MacLean suggests DHHS develop a system for prioritizing child abuse cases and combining reports that involve the same child.

"Currently, each report is investigated as a separate case, sometimes by different caseworkers, and no one is looking at the big picture. Prioritizing cases where multiple separate reports have come in would allow existing resources to be used more effectively; if you are looking for a needle in a haystack, focus on the haystack where multiple people say the needle is. ..That would accomplish far more than the vague academic commentary in the OPEGA report and might just save the life of a child."

Rep. Anne-Marie Mastraccio, who is the House chair of of the Government Oversight Committee said she was frustrated that OPEGA did not provide details and insight about the specific cases of Marissa and Kendall in their report.
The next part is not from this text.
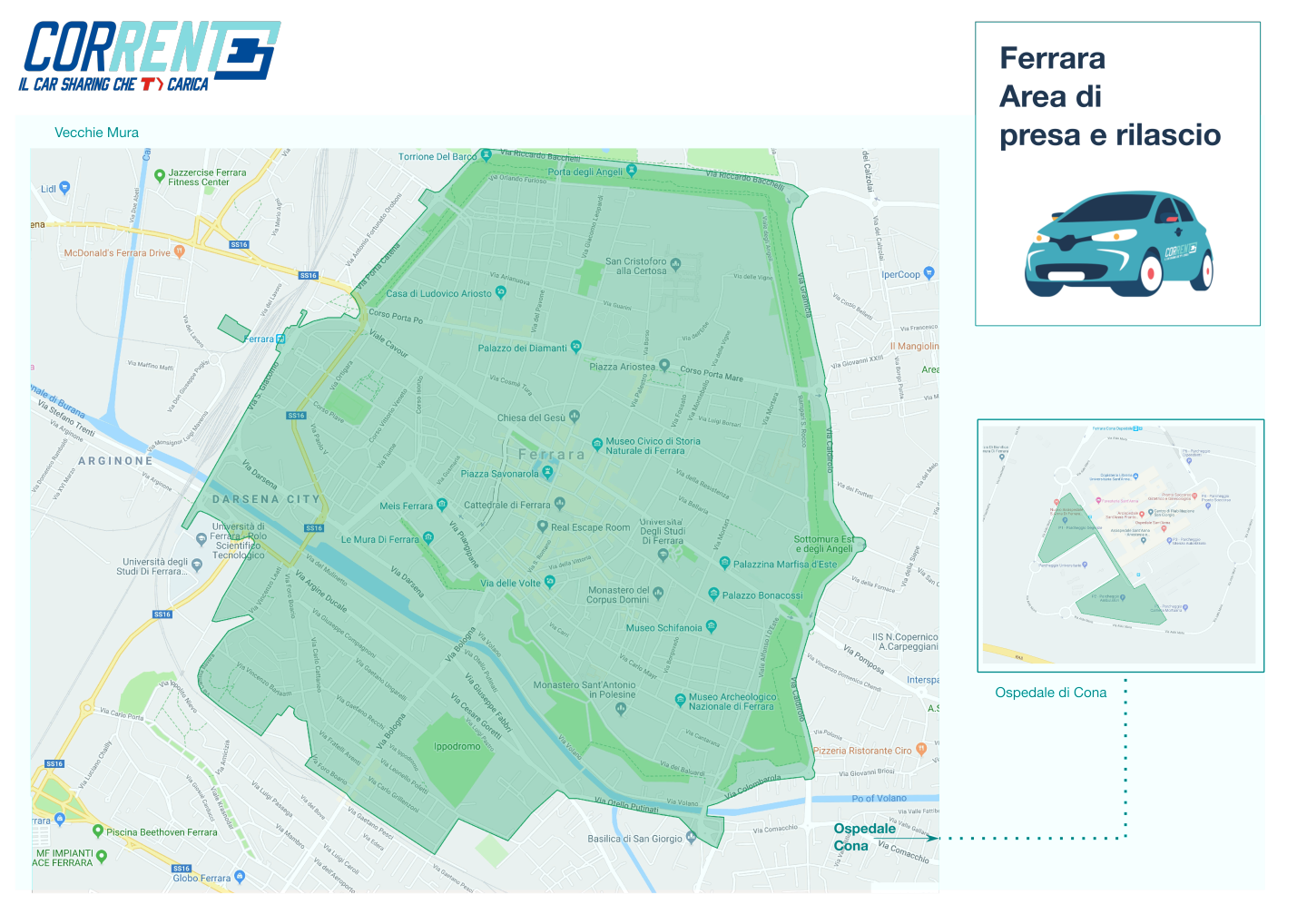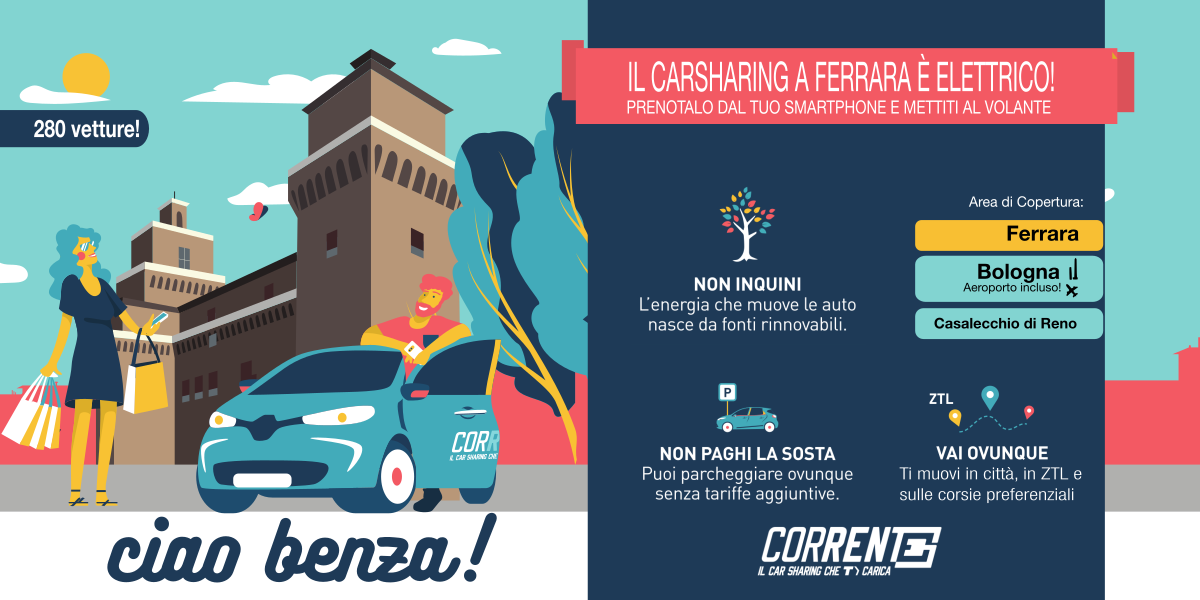 CORRENTE sarà ufficialmente operativa a Ferrara da sabato 25 maggio, dopo il bike sharing anche il car sharing elettrico arriva nella nostra città! Il servizio è quello tipico di un car sharing a flusso libero. Le prime auto saranno posizionate tra venerdì 24 e sabato 25 all’interno dell’area di copertura cittadina e dalla mezzanotte sarà possibile noleggiarle ed usarle in libertà. Per farlo è sufficiente aver scaricato la app ed essersi registrati indicando i propri dati ed allegando patente di guida e carta di identità. La registrazione richiede solo qualche minuto e si paga naturalmente con carta di credito, anche prepagata, soltanto il tempo di effettivo uso. CORRENTE è utilizzabile anche dai neopatentati.

“...we can all agree we must do anything and everything we can to make sure this kind of tragedy never happens again. The report gives us a clearer picture of how and why the system failed Marissa Kennedy and Kendall Chick. The next step is a broader, more detailed investigation to give us the facts we need to act with a real sense of urgency to ensure Maine kids are protected.”
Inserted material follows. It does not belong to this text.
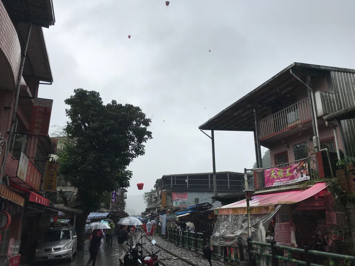 15時頃 十分老街でランタン

DHHS Commissioner Ricker Hamilton released the following statement Thursday afternoon:

"At this time, our focus must be to ensure that the recent tragedies are never repeated, and that the two young girls who lost their lives receive the justice they deserve. I greatly appreciate OPEGA’s review of DHHS’s role within Maine’s child welfare system. We welcome and encourage external reviews of our processes and procedures, to ensure no stone is left unturned."

"Through our internal investigation, we have been able to identify areas in need of improvement, many of which are echoed in OPEGA’s preliminary report. We are working hard at implementing a number of reforms aimed at improving the current system. I look forward to working with OPEGA as they carry out their broader review. I am hopeful that more time and a more deliberative process will result in meaningful analysis and thoughtful recommendations."

"I am eager for the time when the criminal investigations have concluded and additional information will be available for the public. I agree with the advice of the Attorney General that nothing should jeopardize justice for these two victims. Once that has been achieved, I am confident that the Department’s internal review, combined with the findings of the reviews done by a number of different oversight entities, will provide substantive insight for reform and improvement. Evaluating the entire network of parties that make up our state’s child welfare system is critical to this process."